После я поставил несколько экспериментов - вяло продолжил он, - меня не берут пули, даже шальные, как эта, шпаги не касаются меня, кулаки не достают.
– он замялся, - меня можно обнять, пожать руку. Сам я могу оцарапаться или пораниться, но там, где есть стремление уничтожить меня или задеть, злой умысел - я вообще неуязвим.
Хамал глубоко задумался. Потом поднялся, подошёл к дивану и, вдруг, схватив за хвост треугольную диванную подушку, что было силы метнул ею в Мориса. Через несколько секунд, вдавленный отскочившей от Невера подушкой в диван, он блеснул глазами и торжествующе улыбнулся, авторитетно подняв указательный палец.
– Мсье, прошу внимания.
– Гиллель звонко щелкнул пальцами.
– Я знаю, как и почему погиб Виллигут.
– Он замолчал, ожидая, чтобы все, затаив дыхание, пожирали бы его жадными, ожидающими взорами.
Натурально, все и пожирали.
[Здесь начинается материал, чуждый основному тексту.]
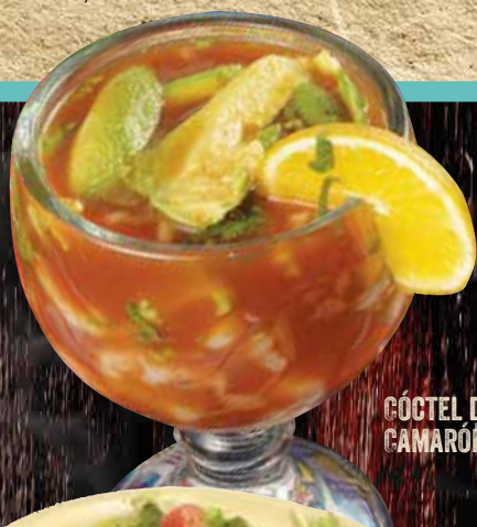
CÓCTEL DE CAMARÓN

Как же иначе-то? Риммон смотрел на него как грек на Дельфийского оракула, Эммануэль поднялся на локте и нахмурился - голова его всё ещё кружилась. Морис де Невер закусил губу и тоже не сводил с Хамала настороженного взгляда. Вдоволь насладившись всеобщим вниманием, Хамал начал:
– В комнате Генриха под раскрытой книгой я нашёл волт. Волосы мужской фигурки были белыми. Мы были правы - своей жертвой он наметил вас, Невер. Видимо, изначально он, влюбившись, пытался приворожить вас. Потом, обозлившись на ваш отказ и оплеухи, попытался отомстить. Удар он навлёк на вас страшный, ведь вам всё же, вспомните, стало плохо. Но вы оказались неуязвимы для любой агрессии, в том числе и для любовных приворотов и дьявольских проклятий. Он же ничего не знал о вашей неуязвимости. В итоге, - нашла коса на камень, - демонический удар, направленный на вас, отлетел и, как пуля, ударил по самому Виллигуту, надо полагать, с той же демонической мощью.
– Он поднял двумя пальцами остатки искореженного ружья.
– Результат - сильнейшее кровоизлияние в мозг. Вот и всё...
– Роющий яму другому, сам в неё попадёт, - было несколько странно слышать из уст Риммона слова Писания.
– Как вспомню эту мессу, мутит меня. И это мужчина! Тьфу! Поделом ему, треклятому.
Морис де Невер не разделял его мнения. Вспоминая о домогательствах Генриха, он тоже чувствовал приступы тошноты, но осознавать себя причиной, хоть и невольной, его смерти, ему было тяжело.
– 'Врачевахом Вавилона и не исцелел', - подытожил разговор цитатой из Иеремии Хамал.
– Пора и поужинать, господа. Что вы скажете об омлете с грибами?
Эммануэль извинился, сказав, что они с Невером званы к профессору Вальяно.
– Вальяно?
– Хамал неожиданно осёкся.
– Да, а что?
– Ничего, но...
– Что 'но'?
Хамал удивленно пожевал губами.
– Понимаете, я не читаю его мыслей. Ничего не вижу. Кстати, у нашего куратора - тоже...
Невер и Ригель переглянулись, но, видимо, не сочли его слова поводом отказаться от приглашения, и, попрощавшись, ушли. Но едва Хамал попытался покинуть гостиную Риммона, выход ему железным засовом перегородила рука Сирраха.